Performance Optimization

Indexing Strategies

# Efficient indexing with batching
def batch_index_documents(documents: List[str], batch_size: int = 100):
    """Index documents in batches for better performance"""
    for i in range(0, len(documents), batch_size):
        batch = documents[i:i + batch_size]
        batch_metadata = metadata[i:i + batch_size]
        batch_ids = [f"doc_{j}" for j in range(i, i + len(batch))]
        
        # Process batch
        vector_db.add_documents(batch, batch_metadata, batch_ids)
        
        # Progress update
        print(f"Indexed {min(i + batch_size, len(documents))}/{len(documents)} documents")

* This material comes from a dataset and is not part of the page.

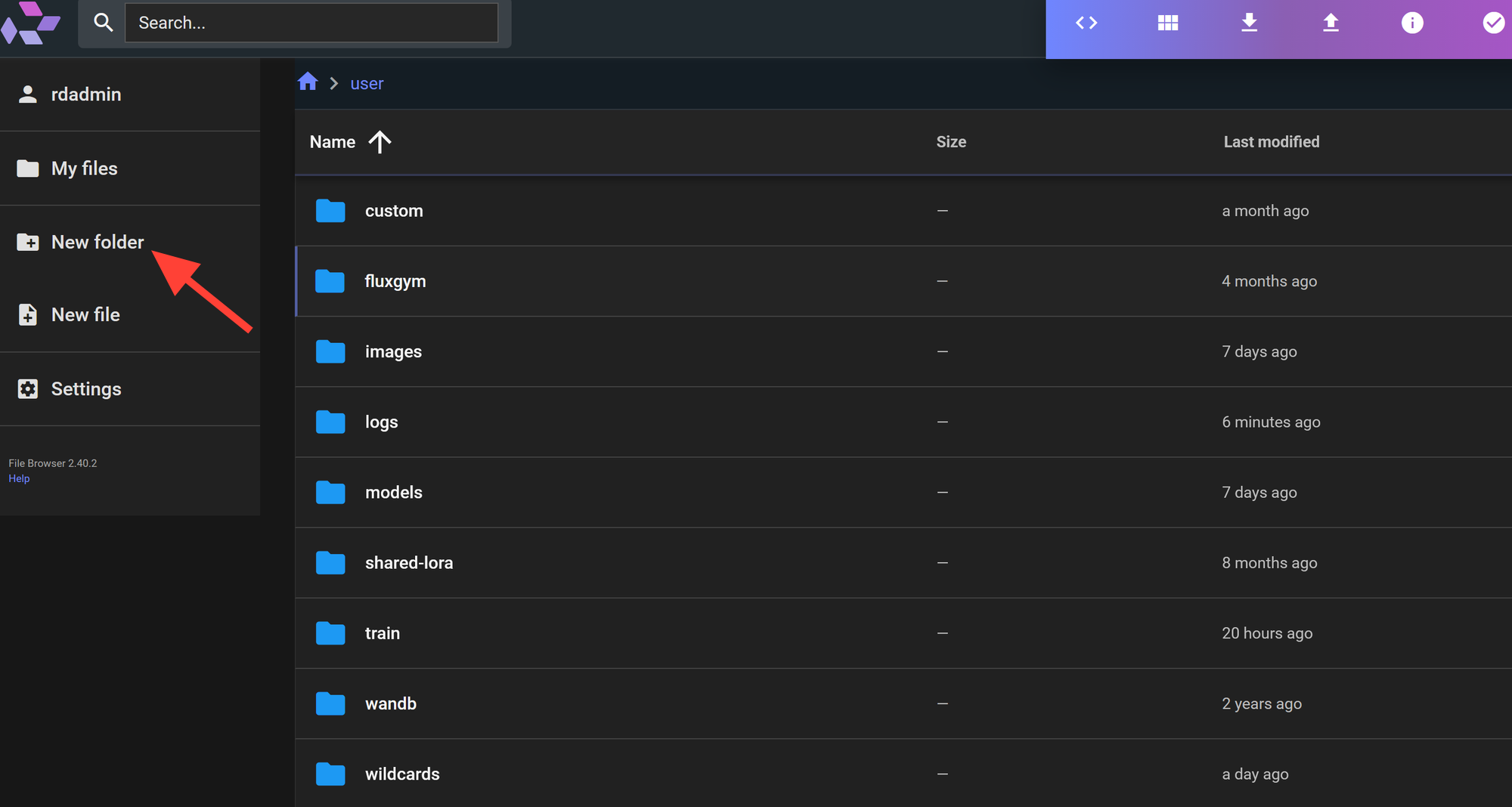 Open your Filebrowser by clicking on the arrow in the top right.

# Parallel processing for large datasets
from concurrent.futures import ThreadPoolExecutor
import threading

def parallel_embedding_generation(documents: List[str], max_workers: int = 4):
    """Generate embeddings in parallel"""
    with ThreadPoolExecutor(max_workers=max_workers) as executor:
        # Split documents into chunks
        chunk_size = len(documents) // max_workers
        chunks = [documents[i:i + chunk_size] for i in range(0, len(documents), chunk_size)]
        
        # Process chunks in parallel
        futures = [executor.submit(generate_chunk_embeddings, chunk) for chunk in chunks]
        results = [future.result() for future in futures]
        
        return np.concatenate(results)

Caching Strategies

import redis
from functools import lru_cache
import hashlib

class CachedVectorSearchRAG:
    def __init__(self, vector_db: VectorDatabase, redis_url: str = "redis://localhost:6379"):
        self.vector_db = vector_db
        self.redis_client = redis.from_url(redis_url)
        self.cache_ttl = 3600  # 1 hour
    
    @lru_cache(maxsize=1000)
    def cached_embedding(self, text: str) -> List[float]:
        """Cache embeddings in memory"""
        return self.generate_embedding(text)
    
    def cached_search(self, query: str, n_results: int = 5) -> Dict:
        """Cache search results in Redis"""
        cache_key = self.generate_cache_key(query, n_results)
        
        # Try to get from cache
        cached_result = self.redis_client.get(cache_key)
        if cached_result:
            return json.loads(cached_result)
        
        # Perform search
        result = self.vector_db.search(query, n_results)
        
        # Cache result
        self.redis_client.setex(
            cache_key, 
            self.cache_ttl, 
            json.dumps(result)
        )
        
        return result
    
    def generate_cache_key(self, query: str, n_results: int) -> str:
        """Generate unique cache key"""
        content = f"{query}:{n_results}"
        return f"rag_search:{hashlib.md5(content.encode()).hexdigest()}"

Common Use Cases

Document Search & Q&A

Enable users to ask natural language questions about large document collections, with the system retrieving relevant context and generating accurate answers.

Knowledge Base Search

Power internal knowledge management systems with semantic search capabilities, helping employees find relevant information quickly and accurately.

Content Recommendation

Suggest related articles, products, or content based on semantic similarity, improving user engagement and discovery.